What is expected:
In the data below, find the line with "Очень люблю платки" and output it along with every later line, exactly, but not the pictures.

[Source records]
:::::
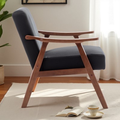 26" Mid-Century Wingback Chair with Thick Backrest and Wood Frame
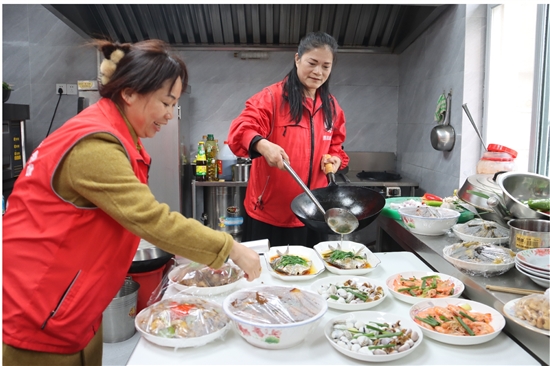 中午11时,随着香喷喷的红烧肉、鲜美的鲳鱼、当地特色手工糕陆续上桌,大家有说有笑,现场一片其乐融融的温馨画面。
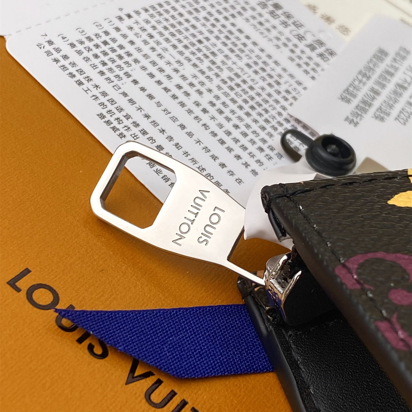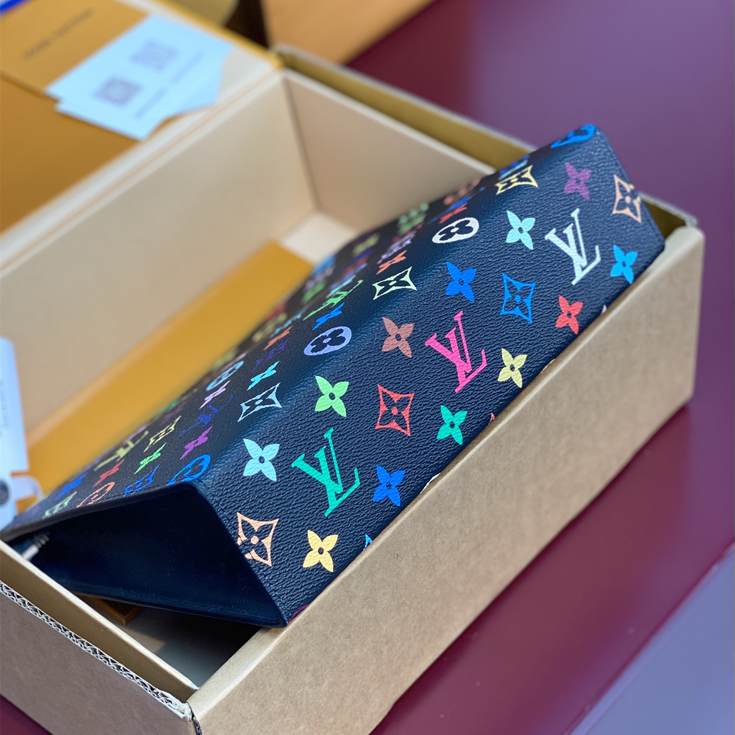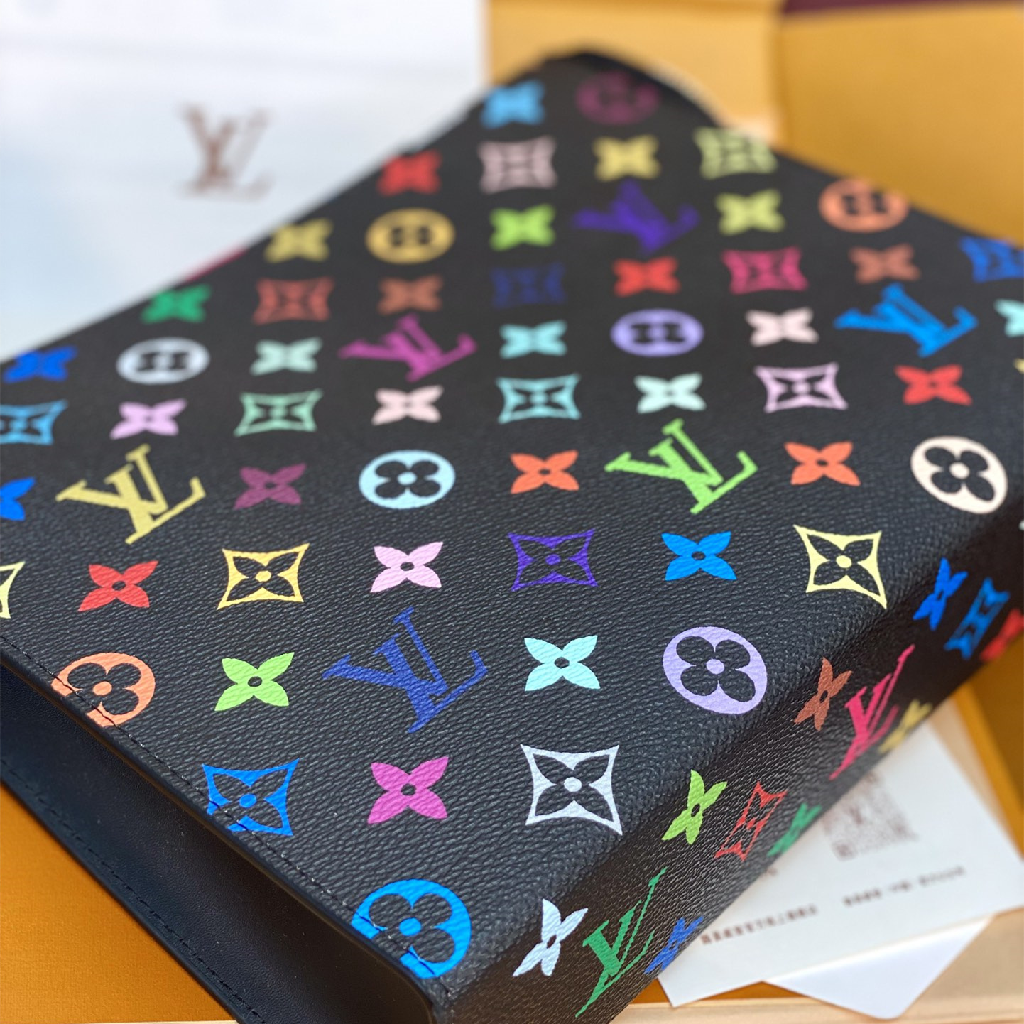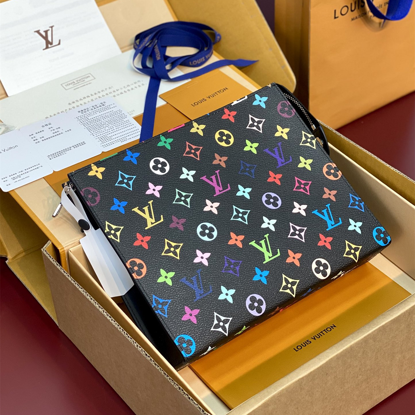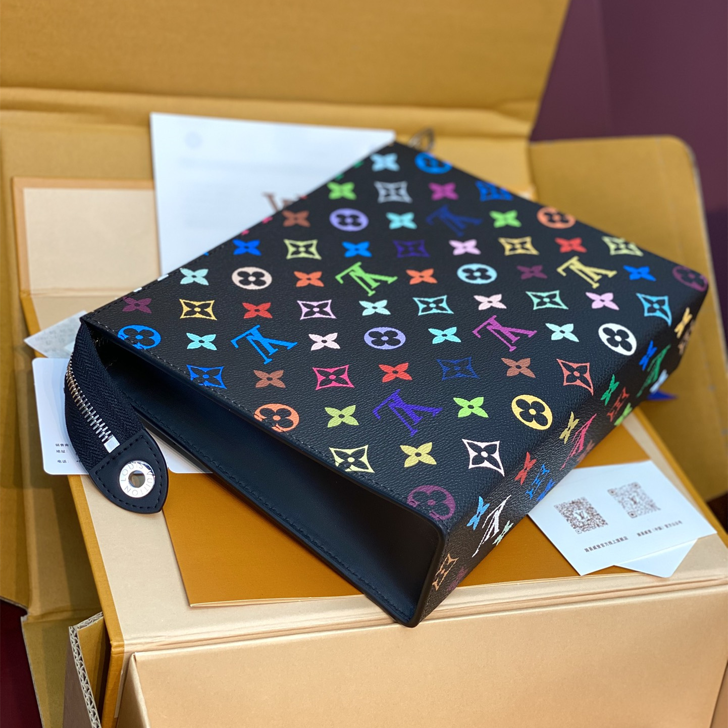 高仿LV*M13746Murakami Takashi聯名款黑三彩手拿包免檢版
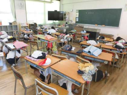 津波がくる想定で、4階の教室に移動しました。
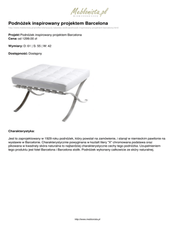 Podnóżek inspirowany projektem Barcelona http://www.meblonista.pl/pl/offer/oferta/pufy-taborety-stolki/podnozek-inspirowany-projektem-barcelona.html/ Projekt Podnóżek inspirowany projektem Barcelona Cena: od 1299.00 zł Wymiary: D: 61 | S: 55 | W: 42 Dostępność: Dostępny Charakterystyka: Jest to zaprojektowany w 1929 roku podnóżek, który powstał na zamówienie, i stanął w niemieckim pawilonie na wystawie w Barcelonie. Charakterystycznie powyginana w kształt litery "X" chromowana podstawa oraz pikowana w kwadraty skóra naturalna to najbardziej charakterystyczne cechy tego podnóżka. Uzupełnieniem tego produktu jest fotel Barcelona i Barcelona stolik. Podnóżek wykonany całkowicie ze skóry naturalnej. http://www.meblonista.pl Dostępne wersje produktu: nazwa produktu warianty Podnóżek inspirowanykolor czarny projektem Barcelona cena 1299.00zł dostępne Dostępny Podnóżek inspirowanykolor biały projektem Barcelona 1299.00zł Dostępny Podnóżek inspirowanykolor brązowy projektem Barcelona 1299.00zł Na zamówienie Podnóżek inspirowanykolor czerwony projektem Barcelona Podnóżek inspirowanypony projektem Barcelona 1299.00zł Na zamówienie 1399.00zł Na zamówienie http://www.meblonista.pl Zdjęcia produktu: http://www.meblonista.pl Powered by TCPDF (www.tcpdf.org)
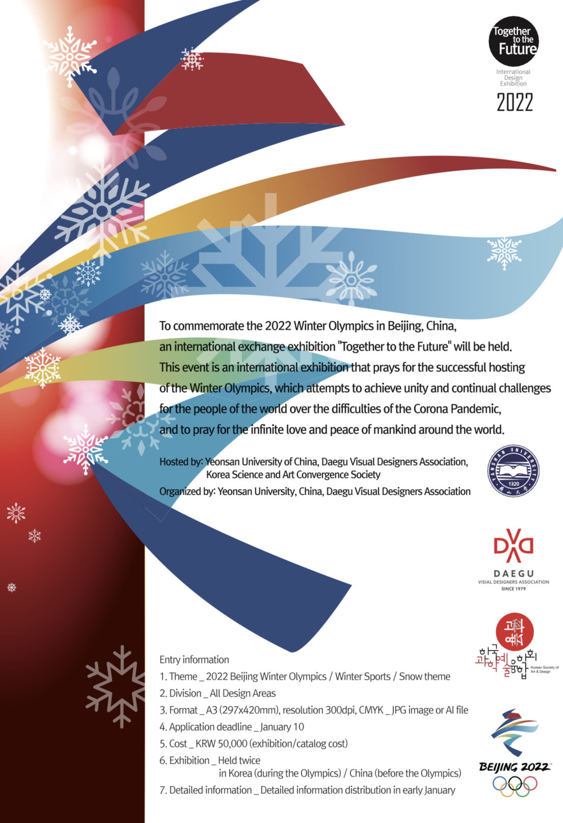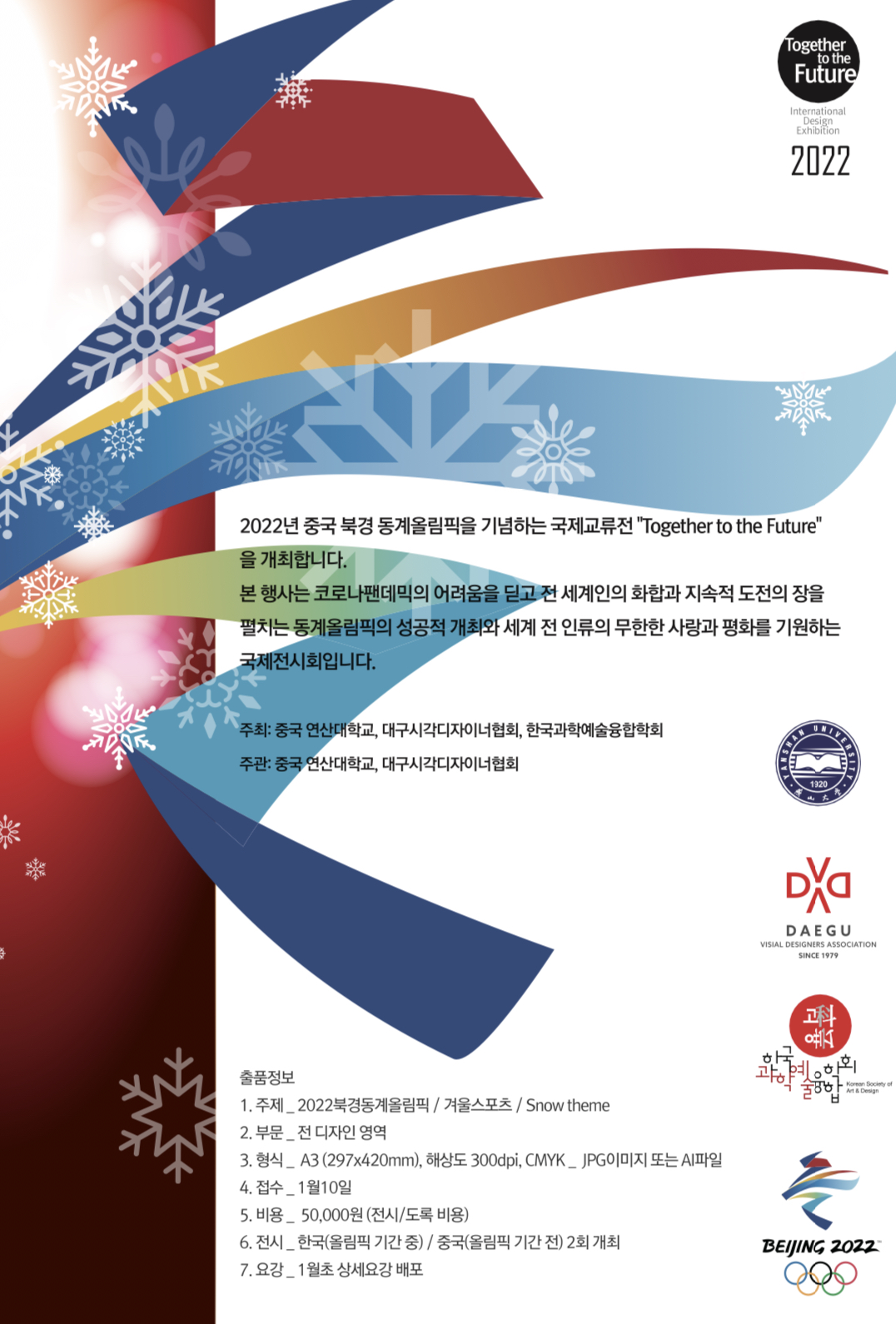 안녕하세요. 본 학회와 MOU를 맺은 대구시각디자인너협의회에서 개최하는 2022년 중국 북경 동계올림픽 기념 국제전 공지입니다. 참가를 원하시는 분은 아래사항 참고하셔서 접수준비해주시면 됩니다. 주제: 2022 북경동계올림픽 / 겨울 스포츠 / Snow theme 부문: 디자인 전 영역 형식: A3(297x420mm), 해상도 300dpi, CMYK_ JPG 이미지 또는 AI파일 접수일정: 1월 10일 전시기간: 한국(올림픽 기간 중),중국(올림픽 기간 전) 요강: 1월 초 상세요강 배포 세부 공지는 빠른 시일 내 재공지 하겠습니다. 많은 참여 부탁드립니다.
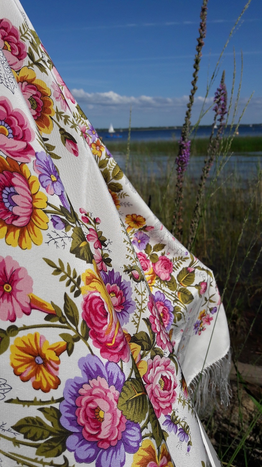 Очень люблю платки и шали Клары Зиновьевой. Нравятся и композиция рисунков, и то, как прорисованы каждый цветок и веточка, и колориты обычно очень гармоничны и продуманы.
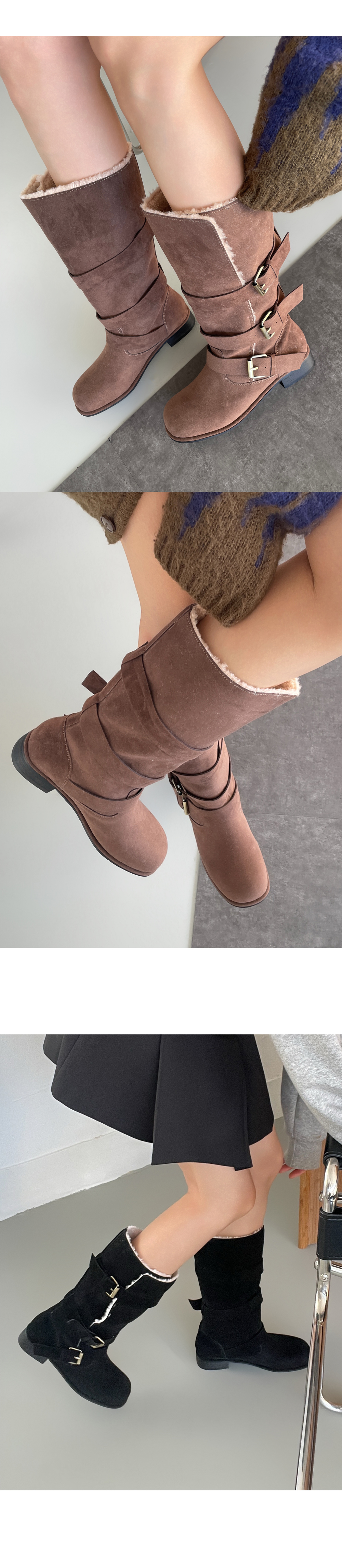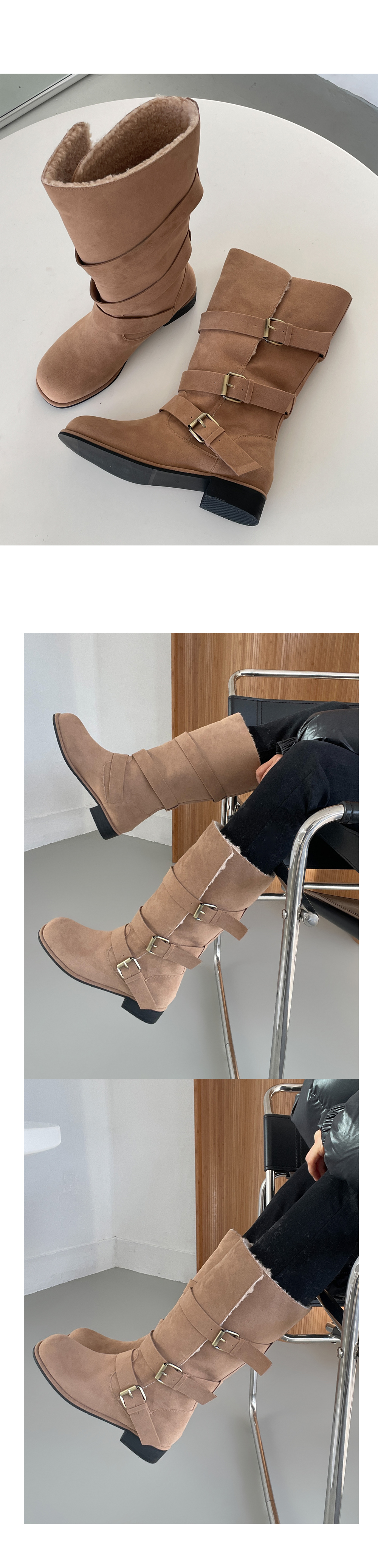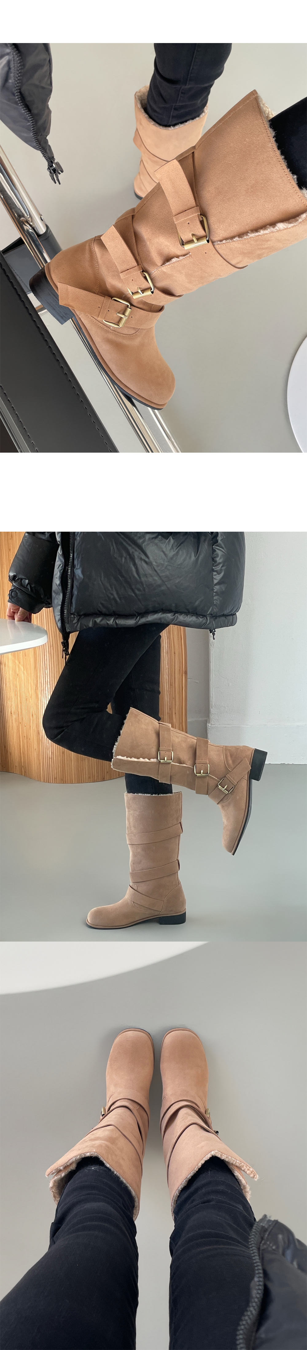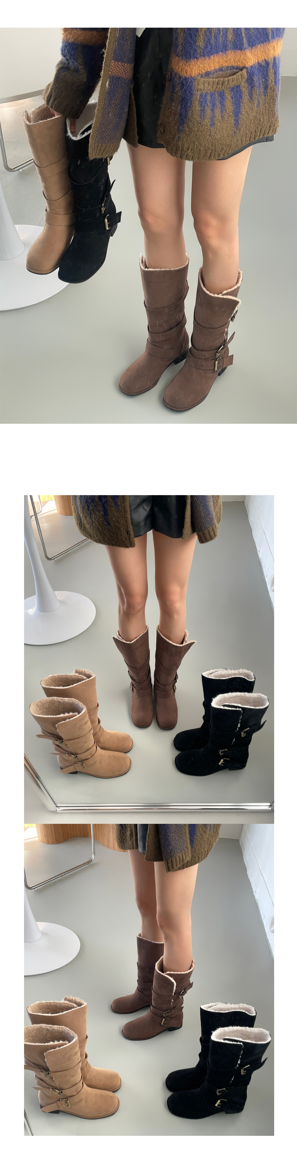 윈터 피어리 벨트 버클 스트랩 스웨이드 폴드 미들 부츠
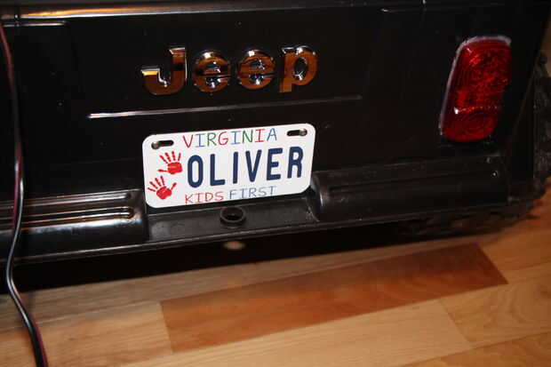 Después de ordenar la matrícula, me enteré de que Oliver no vivo en Ohio cerca de sus padres gran. Vive en Virginia. Mi error. Necesitaba una nueva placa. El foro de ModifiedPowerWheels tiene un miembro que imprime placas personalizadas en aluminio para sobre el mismo precio que el MiniPl8s. Tiene para el diseño de las placas o le puede obtener su gráfica. No son totalmente exactas a las placas del estado pero lo suficientemente cerca que me ha gustado el resultado. Las placas nuevas son ligeramente más grandes y fueron planeadas para ir de frente y la parte trasera del jeep de Oliver. La placa delantera solo encajaba justo entre las luces por lo que le estoy dando a Oliver poner en su silla de ruedas en lugar de otro.
:::::
Response to the task:
 Очень люблю платки и шали Клары Зиновьевой. Нравятся и композиция рисунков, и то, как прорисованы каждый цветок и веточка, и колориты обычно очень гармоничны и продуманы.
 윈터 피어리 벨트 버클 스트랩 스웨이드 폴드 미들 부츠
 Después de ordenar la matrícula, me enteré de que Oliver no vivo en Ohio cerca de sus padres gran. Vive en Virginia. Mi error. Necesitaba una nueva placa. El foro de ModifiedPowerWheels tiene un miembro que imprime placas personalizadas en aluminio para sobre el mismo precio que el MiniPl8s. Tiene para el diseño de las placas o le puede obtener su gráfica. No son totalmente exactas a las placas del estado pero lo suficientemente cerca que me ha gustado el resultado. Las placas nuevas son ligeramente más grandes y fueron planeadas para ir de frente y la parte trasera del jeep de Oliver. La placa delantera solo encajaba justo entre las luces por lo que le estoy dando a Oliver poner en su silla de ruedas en lugar de otro.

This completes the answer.